El romano la levantó con la punta de la lanza, alzó la vista para observar a Joshua, que había abierto mucho los ojos al verme.

—Está bien. Parece que vamos a tener que estar aquí un buen rato. Juguemos.

Primero tuve que perder algo de dinero, para que los romanos tuvieran con qué apostar, y después tuve que ir recuperándolo, pero despacio, para disponer del tiempo suficiente que me permitiera cumplir con mi misión. (Mentalmente di las gracias a Dicha por haberme enseñado a hacer trampas con los dados.) Le entregué los dados al soldado que me quedaba más cerca, y que tendría, tal vez, unos cincuenta años; era bajo, corpulento, y estaba lleno de cicatrices.
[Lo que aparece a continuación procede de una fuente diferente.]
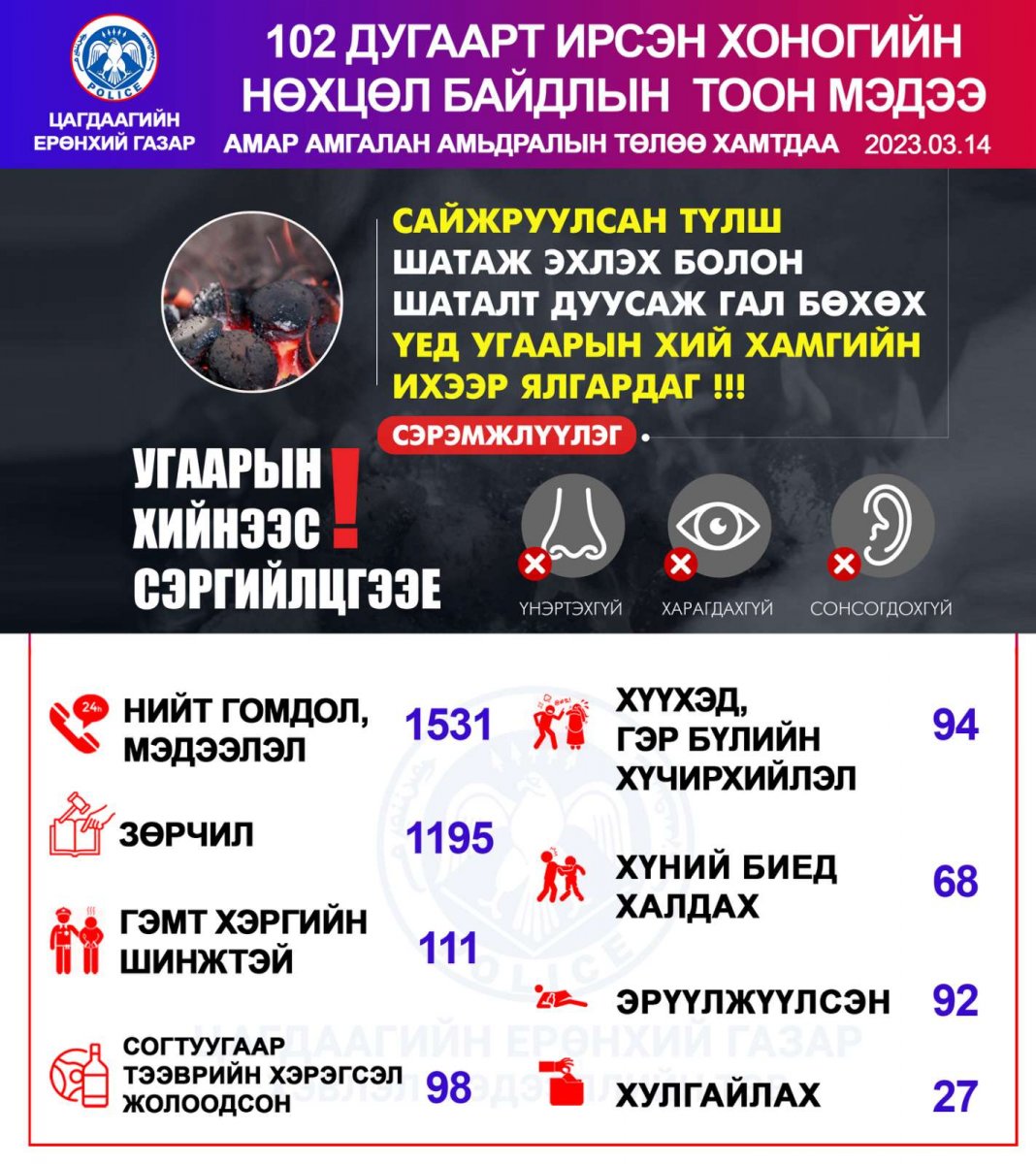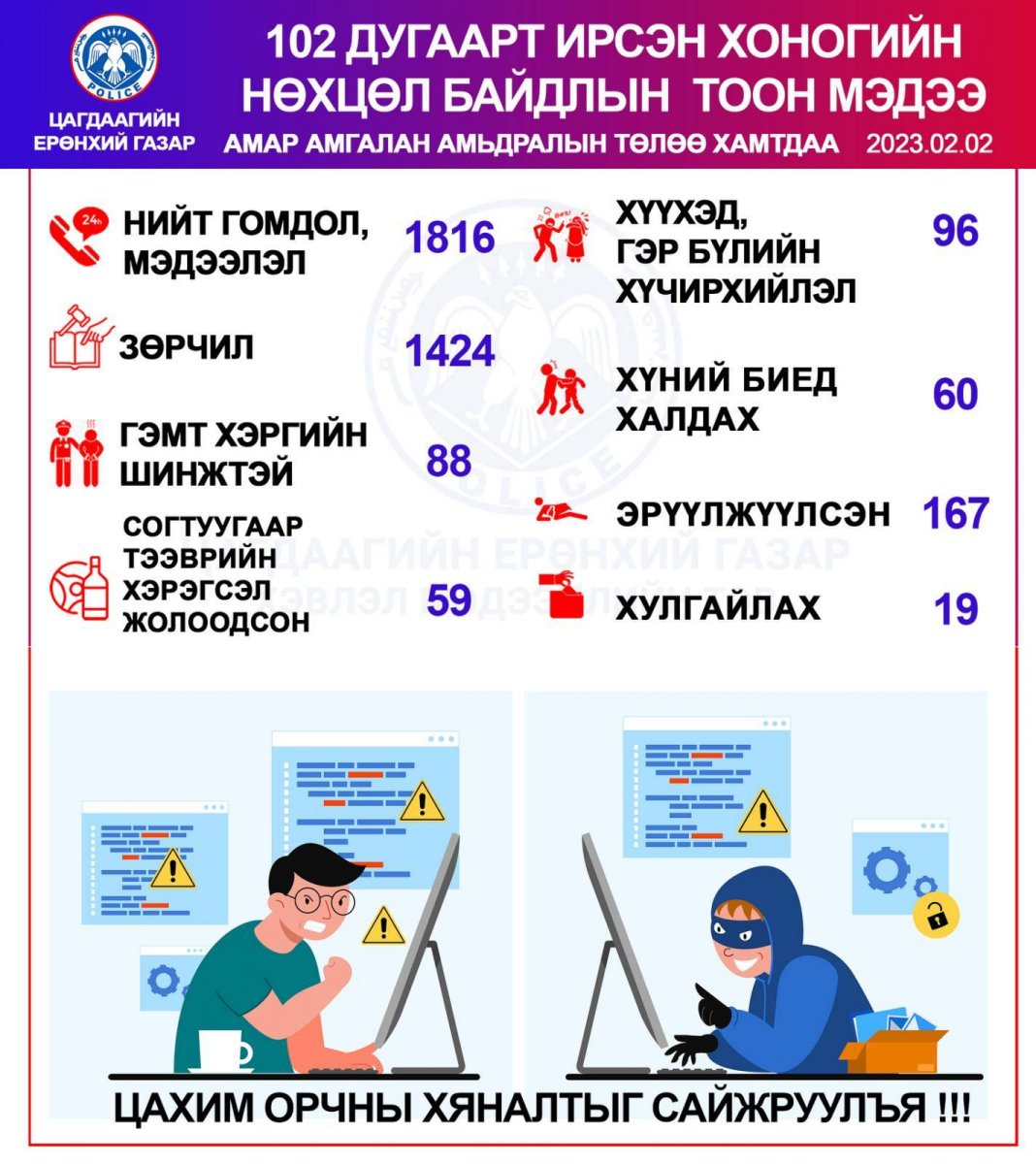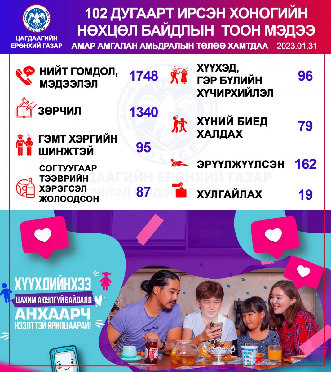 - НЦУГ-ын Гэр бүлийн хүчирхийлэл, хүүхдийн эсрэг гэмт хэрэгтэй тэмцэх хэлтсийн ахлах мэргэжилтэн , ахмад С.Сайнбилэг нар тодорсон юм.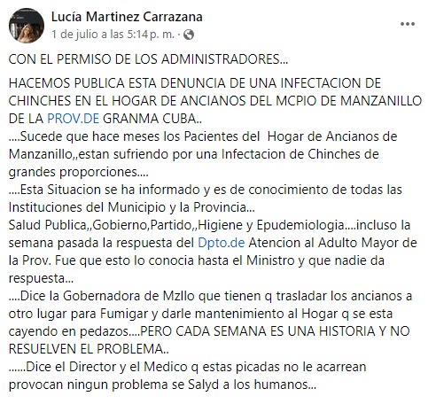 Lucía Martínez Carrazana, una internauta de Facebook, fue la encargada de exponer la penosa situación que atraviesan los adultos mayores, la cual no ha recibido la correcta atención por parte de las autoridades comunistas.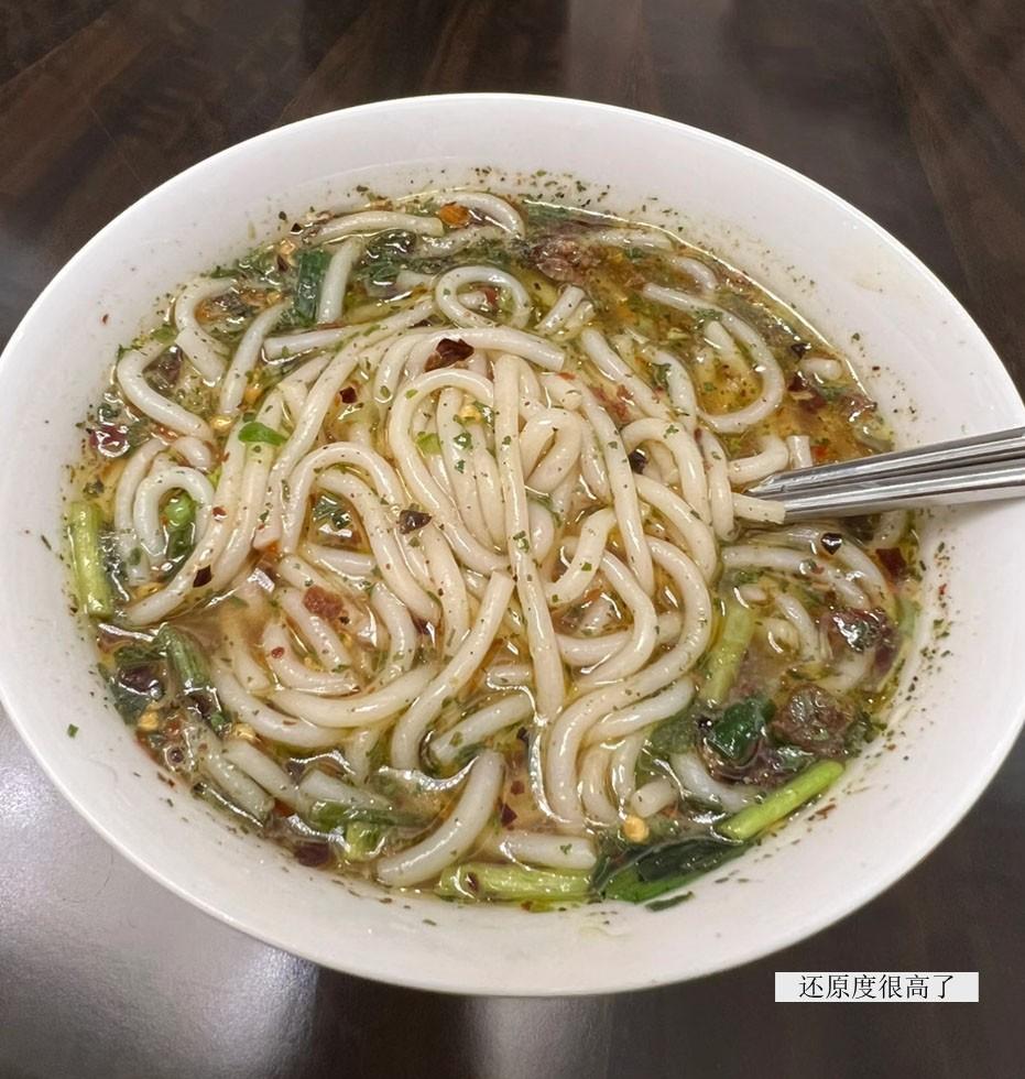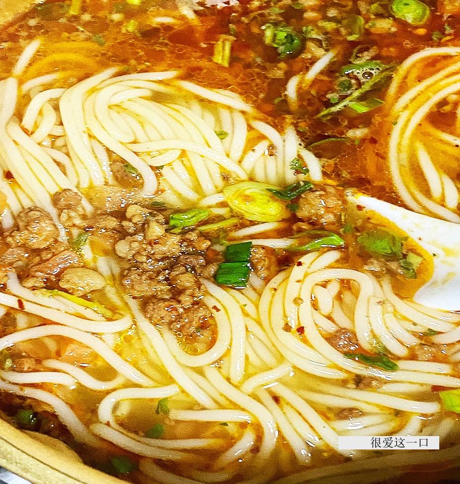它最大的亮點就是那包實實在在的肉醬,能看到清晰的肉粒,用豬油和多種香料炒制,醬香濃郁,鹹鮮適口。

Sus miembros, sarmentosos, evidenciaban que había padecido fracturas óseas mal curadas. Parecía demasiado viejo para ser soldado tan lejos de Roma, y demasiado ajado para realizar el viaje de regreso a casa. Los demás eran más jóvenes, no llegaban a los treinta. Todos tenían la piel aceitunada, todos tenían los ojos oscuros, todos eran esbeltos y fuertes, y todos parecían pasar hambre. Dos de los más jóvenes llevaban la lanza clásica de la infantería romana, compuesta de un mango largo, de madera, y de una punta de hierro del tamaño de un antebrazo humano, rematada en un filo de tres hojas diseñado para penetrar en las armaduras. Los otros dos iban armados con la espada ibérica corta, en forma de huso, que le había visto a Justo en numerosas ocasiones. Debía de haber hecho que las importaran para los miembros de su legión, para satisfacer sus preferencias. (La mayoría de romanos usaban las espadas también cortas, pero rectas.)

Le entregué los dados al soldado más viejo y arrojé unas monedas al suelo. Cuando el romano lanzó los dados contra el pie de la cruz de Joshua, yo observé los montes circundantes y vi que los apóstoles observaban desde detrás de los árboles y las rocas. Hice una seña, que uno por uno fueron reproduciendo, hasta alcanzar finalmente a una mujer que aguardaba junto a una de las murallas de la ciudad.

—Oh, qué desgracia, hoy los dioses me han dado la espalda —dije, tras lanzar una combinación perdedora.

—Yo creía que los judíos solo teníais un Dios.

—Me refería a los vuestros, legionario. Voy perdiendo.

Los soldados se rieron, y desde las alturas me llegó un gemido. Torcí el gesto, y sentí un dolor tan fuerte en el corazón que fue como si mis costillas se hubieran abierto y se hubieran clavado en él. Me armé de valor y, al alzar la vista, vi que Joshua me miraba directamente a los ojos.